Reputation: 8005
I am using two different ways to implement the same type of model,
Method 1
loss_function = 'mean_squared_error'
optimizer = 'Adagrad'
batch_size = 256
nr_of_epochs = 80
model= Sequential()
model.add(Conv1D(60,32, strides=1, activation='relu',padding='causal',input_shape=(64,1)))
model.add(Conv1D(80,10, strides=1, activation='relu',padding='causal'))
model.add(Conv1D(100,5, strides=1, activation='relu',padding='causal'))
model.add(MaxPooling1D(2))
model.add(Dense(300,activation='relu'))
model.add(Flatten())
model.add(Dense(1,activation='relu'))
print(model.summary())
model.compile(loss=loss_function, optimizer=optimizer,metrics=['mse','mae'])
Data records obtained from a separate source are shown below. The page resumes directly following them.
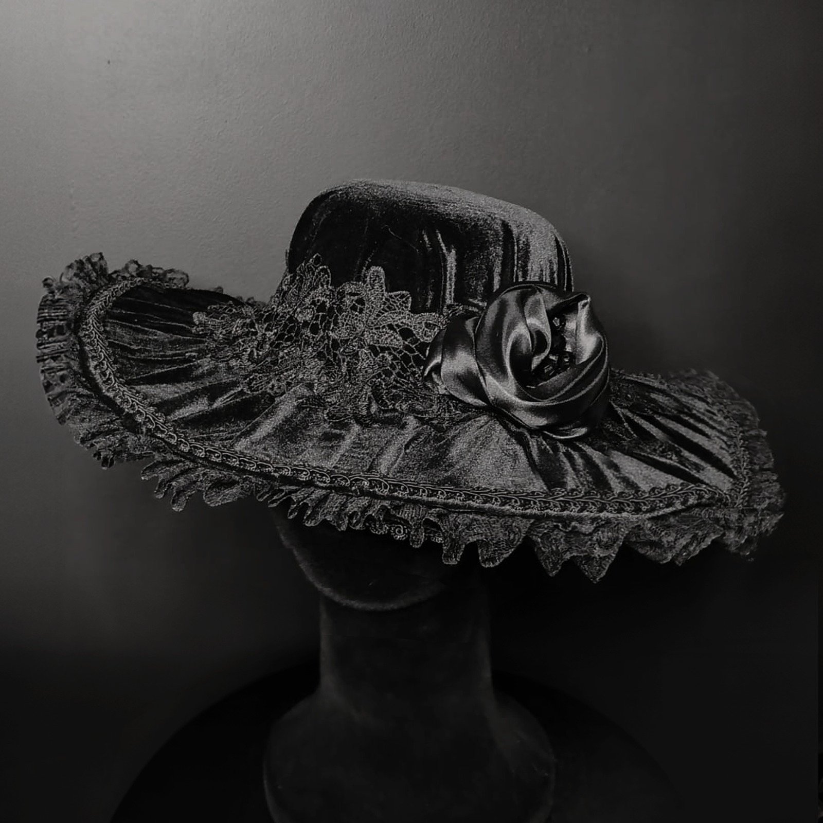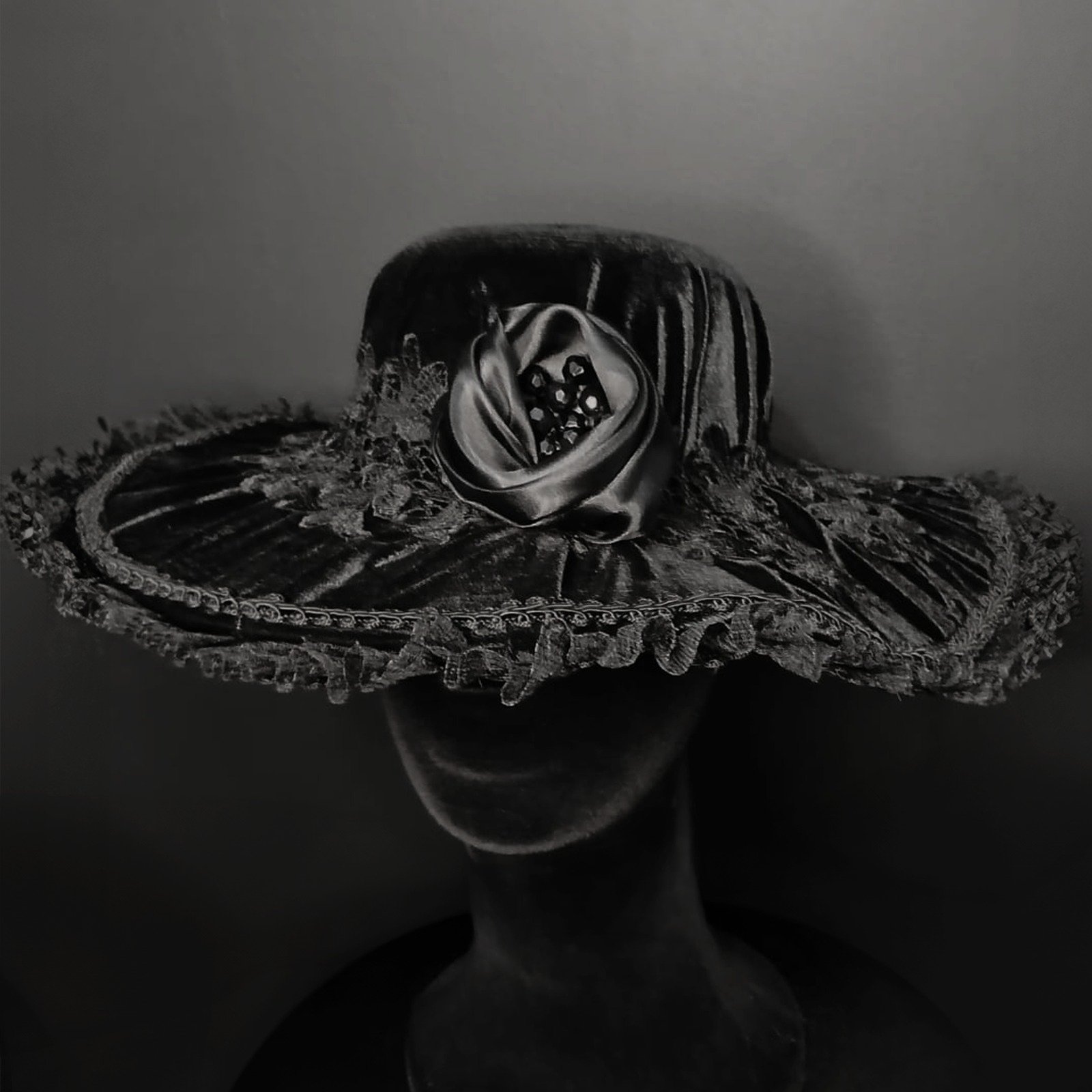 CHAPÉU FORRADO EM VELUDO MOLHADO MACIO, APLIQUES EM RENDA, SIANINHAS E RENDAS FRANZIDAS, FLOR EM CETIM CENTRAL, COM PEDRARIA PRETA NO MIOLO, CIRCUNFERÊNCIA DA CABEÇA 54CM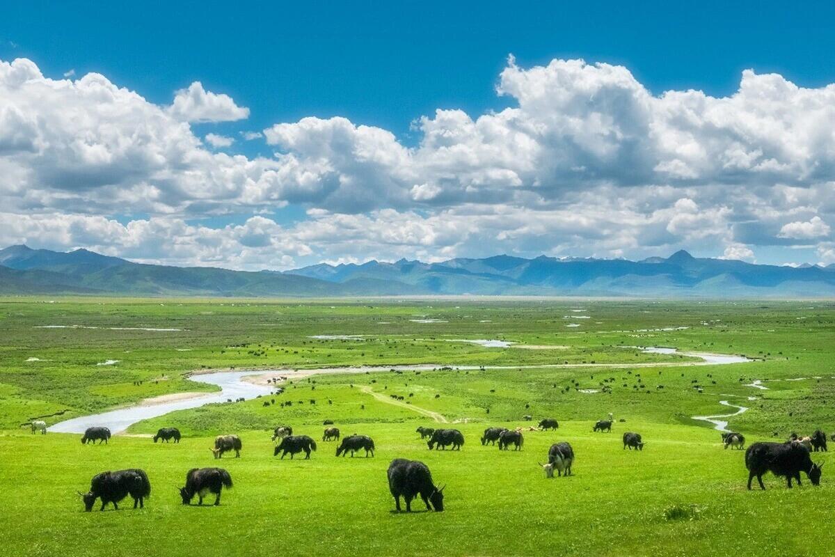 牦牛坪风光正好,草浪随风翻涌,牦牛自在觅食,雪山绵延相伴,开启一场治愈之行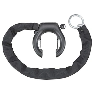 Type * certified With additional connection chain (diameter 6 mm) to secure the bike to a fixed object With a diameter of 9 mm steel ring shackle Includes 2 keys, 1 of which is illuminated Key cannot be removed when open With child safety lock. Colour: black
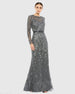 Indulge in timeless elegance with this long sleeve embellished gown, featuring exquisite beading, sheer illusion sleeves, and a flattering hand-beaded belt. Perfect for black-tie galas and evening events, this gown embodies glamour and sophistication.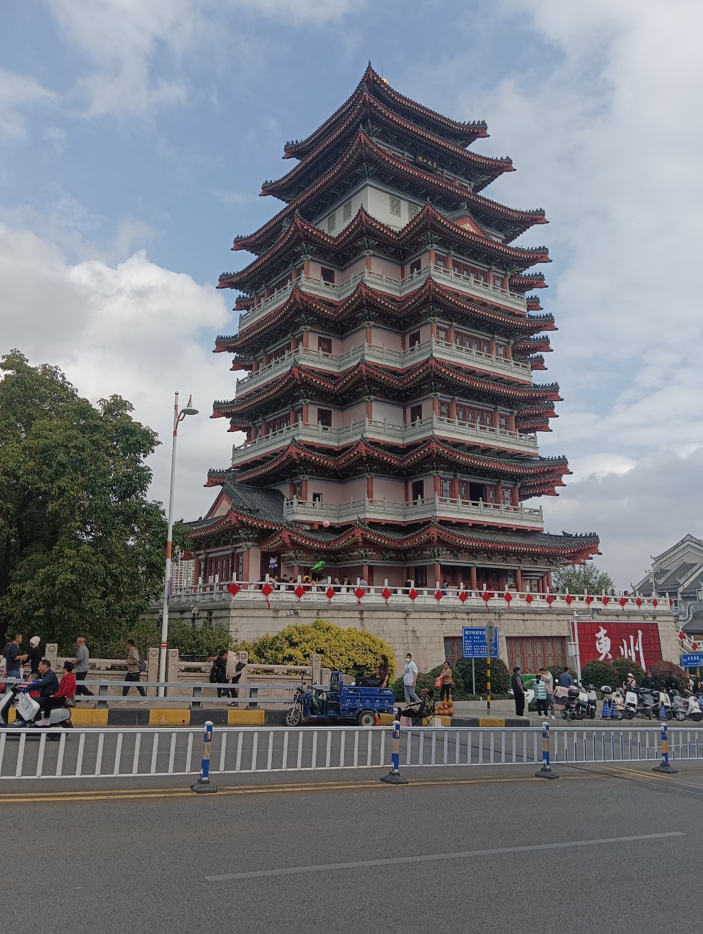 水东街街道纵横交错,虽狭小但很规整!近处,清末民初的骑楼静静伫立,墙体虽斑驳却难掩往昔商贸的辉煌;稍远处,始建于宋朝因战火而毁坏的合江楼、新中国后原址复建三层变八层更加雄壮!适逢假日,人流不息;本就拥挤的街面中间又硬生生多出一排临时小吃百货摊,人们穿梭其中,美食香气萦绕,很有人间烟火气!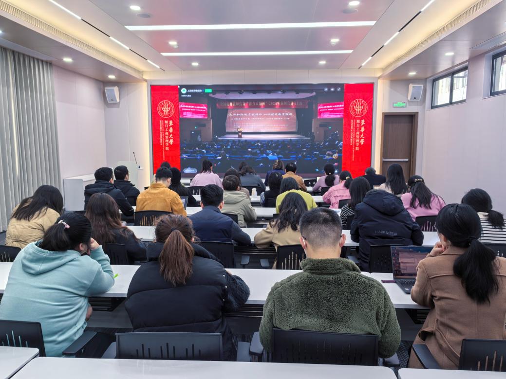 2月28日,全国优秀教师代表“教育家精神”巡回宣讲会在上海隆重举行。管理公司党委高度重视,积极响应号召,组织公司党支部书记、系主任、青年教师代表,集中在旭日楼100会议室,集中收看宣讲会直播,深入学习优秀教师的先进事迹,深刻领会新时代教育家精神的丰富内涵与时代价值。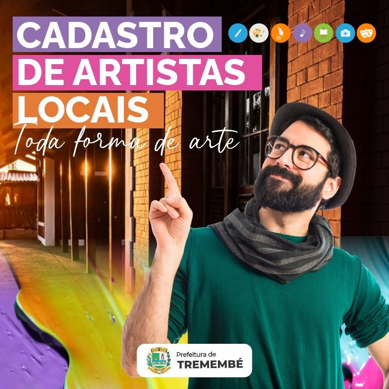 A Prefeitura Municipal por meio da Secretaria de Cultura e Turismo, convida toda a classe artística do município para realizar o cadastramento para futuras contratações em eventos realizados na cidade.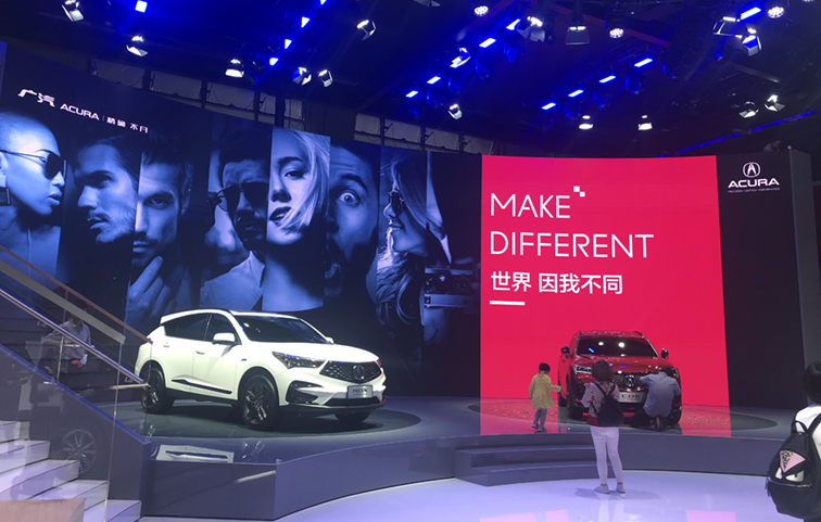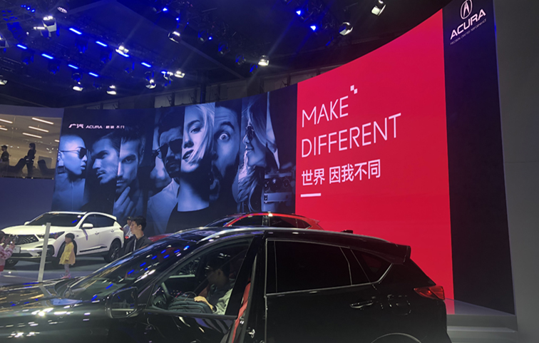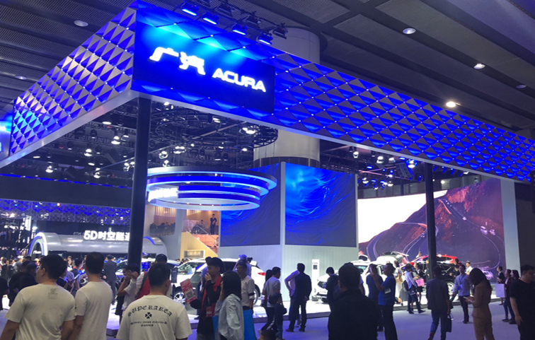 2019廣州國際車展廣汽謳歌展臺,RD2.8租賃屏,200平方米。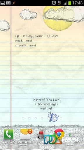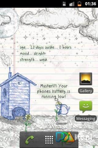 Kotori Canlı Duvar Kağıdı - Android için tamagotchi işlevine sahip canlı duvar kağıtlarıdır. Evcil hayvanınıza bakın, ona iyi bakın, büyütün, o da size e-posta, sms, kaçırılan aramalar ve diğer gerekli bilgiler konusunda yardımcı olacaktır.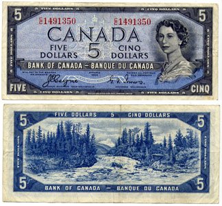 1954 - VISAGE DU DIABLE - 5 DOLLARS 1954, COYNE/TOWERS PRÉFIXES A/C - B/C est catégorisé dans MONNAIES ET BILLETS / BILLETS DU CANADA / 1954 VISAGE DU DIABLE en vente chez l'Imaginaire, un magasin-boutique et un site web spécialisé.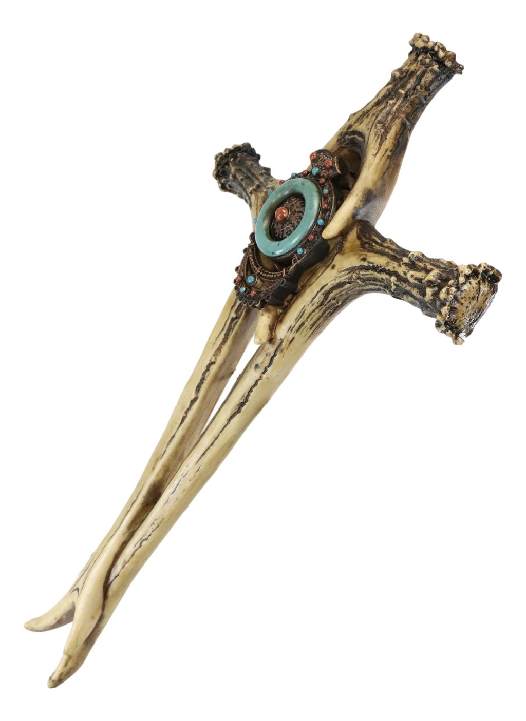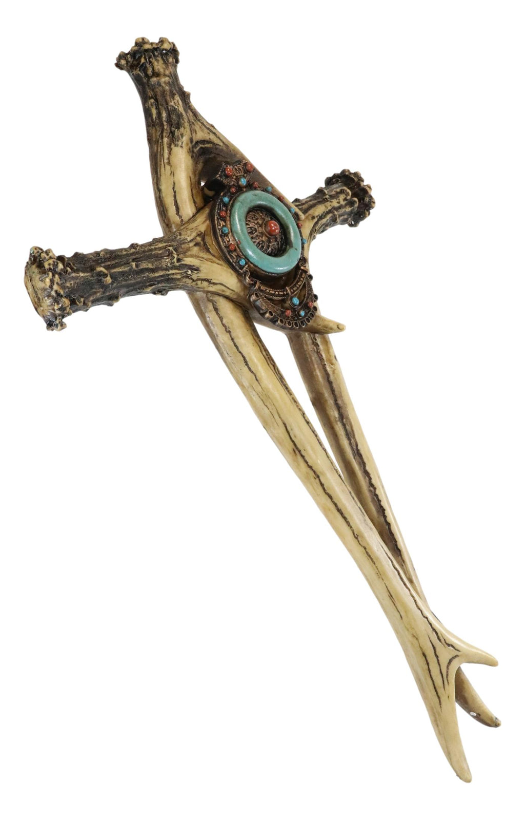 Ebros Turquoise Gemstones Ring On Intertwined Buck Deer Antlers Bone Wall Cross Decor
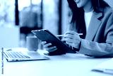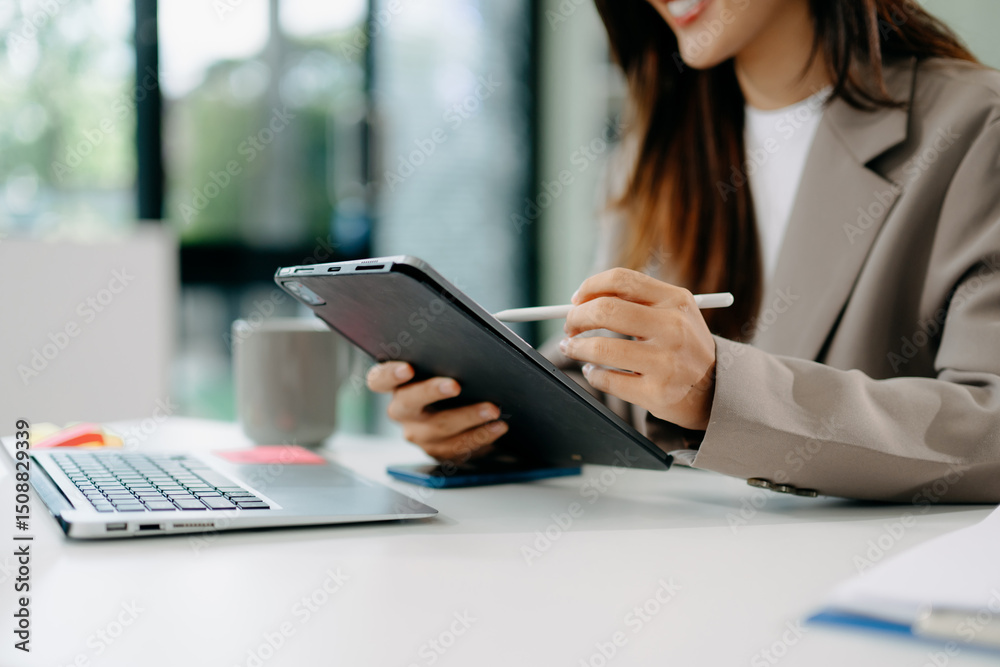 Businesswoman hand working digital marketing media in virtual screen with mobile phone and modern compute at office
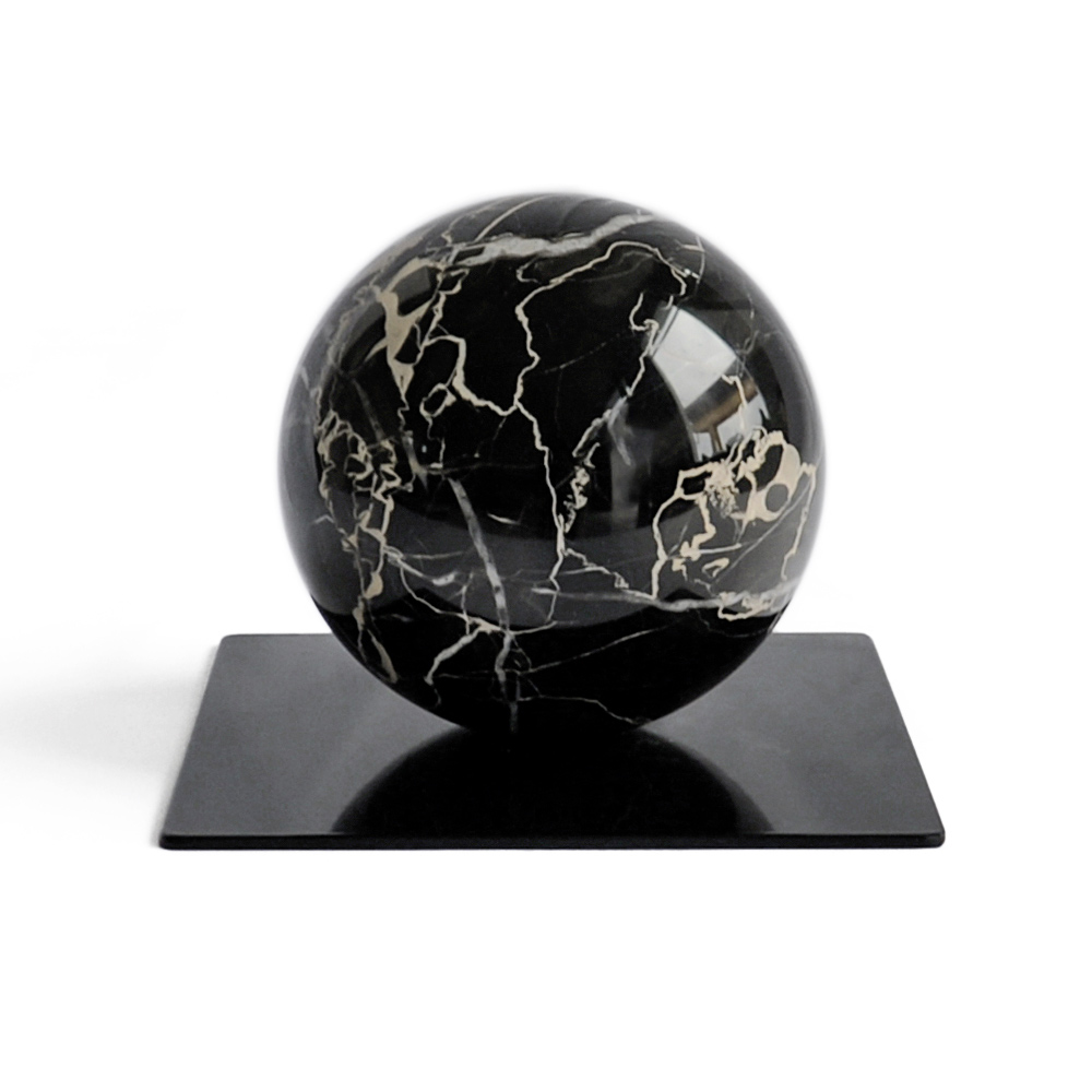 Deze marmeren boekensteun is de perfecte synthese tussen functionaliteit en moderne sculptuur . Het ontwerp is gedurfd minimalistisch, waarbij een marmeren bol een metalen plaat ontmoet, waardoor een visueel contrast ontstaat dat een echte lust voor het oog is.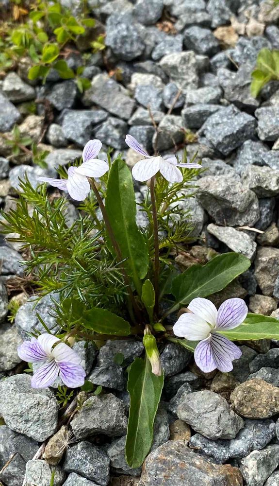こんな石ころばかりの所でも花を咲かせるスミレ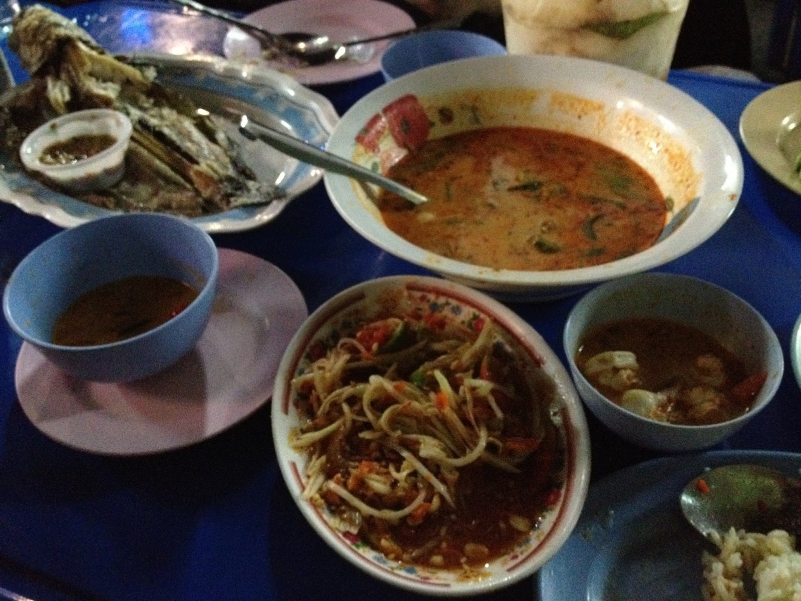 Sampe di lokasi makan malam, kami pesan beberapa makanan khas Thailand, off course Tom Yum & Thai Mango Salad gak lupa dipesen. Sejujurnya, makan di kawasan Hawkers gini seru bgt, alasannya: pertama lebih murah, kedua makanananya lebih enak, ketiga lebih berasa keren aja backpackeran-nya. Hahaha.. Oiya, karena ini kawasan Hawkers pinggir jalan, jadi sebenarnya banyak makanan / cemilan yg unik2 buat dicoba, dari mulai goreng2an, rebus2an, sampe babi2an.. *wink*. Setelah kenyang kita akhirnya balik ke "Couch" utk istirahat. Besok paginya saya berecana untuk jalan2 liat Giant Buddha di Wat Pho.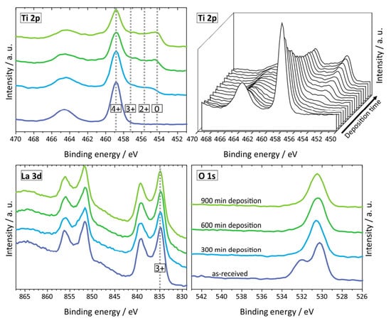 The Ti 2p, La 3d and O 1s detailed spectra for four different deposition times (different amounts of deposited Li metal). Reprinted from [], Copyright (2015), with permission from Elsevier.

history=model.fit(X_train, Y_train, batch_size=batch_size, validation_data=(X_val,Y_val), shuffle=True, epochs=nr_of_epochs,verbose=2)
Method 2
inputs = Input(shape=(64,1))
outX = Conv1D(60, 32, strides=1, activation='relu',padding='causal')(inputs)
outX = Conv1D(80, 10, activation='relu',padding='causal')(outX)
outX = Conv1D(100, 5, activation='relu',padding='causal')(outX)
outX = MaxPooling1D(2)(outX)
outX = Dense(300, activation='relu')(outX)
outX = Flatten()(outX)
predictions = Dense(1,activation='linear')(outX)
model = Model(inputs=[inputs],outputs=predictions)
print(model.summary())
model.compile(loss=loss_function, optimizer=optimizer,metrics=['mse','mae'])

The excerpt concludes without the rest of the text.